Salmonella also is linked to eating foods that have not been cooked properly. The illness causes diarrhea, fever and cramps. The CDC receives reports of 40,000 salmonella cases annually.

Taking it for granted

N. Duane Noland is a central Illinois farmer and a Republican state senator. "We have benefited for years in this nation of it being a given that our food was safe. When you see what has happened in Europe it makes you think," he said.

With the amount of international travel coming in to airports like O'Hare International Airport, Noland said it's scary to think how easily something like foot-and-mouth disease could spread if precautions aren't maintained.

"It'd be devastating," he said.

Aside from the economic problems, consumers would have to develop a taste for soy burgers and tofu.

"It'd be tough for us," said Diane Quagliani, a registered dietician in Western Springs and a spokeswoman for the American Dietetic Association. "Meat is certainly a food we enjoy here."

Food safety analyst Ann Hollingsworth said most people take food safety for granted.

"I think they expect a level of food safety that may not be realistic at times. I don't think they realize how much effort goes into the processing of their food whether it is hamburger, steak or lettuce. I don't think they realize the steps it takes to keep that produce safe."

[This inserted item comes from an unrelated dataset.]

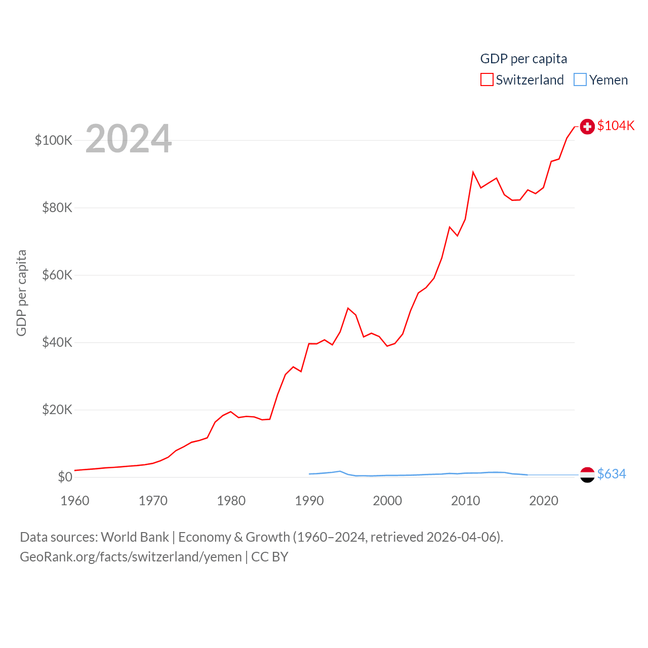 By GDP, Switzerland ranks 20/197 ($937B) and Yemen ranks 125/197 ($21.6B). By GDP per capita, Switzerland ranks 5/197 ($103,998), while Yemen ranks 191/197 ($634).

Hollingsworth is a former vice president of food safety for Keystone Foods. Based in the Philadelphia area, Keystone is a meat supplier for many national fast-food chains. Hollingsworth, now based in Carollton, Ga., is a food safety and food crisis management consultant.

She said she's pleased with the steps the U.S. meat industry has taken to prevent either disease here. Because an outbreak would spell financial doom for the industry, Hollingsworth said companies often are ahead of the government in preventing and preparing for the same kinds of catastrophes that have happened in Europe.

With an intimate knowledge of how the industry works and the scares that can lurk behind every corner, Hollingsworth said she doesn't hesitate to sit down to a steak dinner.

"I was born and raised on a cattle farm," she said. "I'm cautious when I travel internationally about what I eat. And I would probably think twice about eating beef in Great Britain."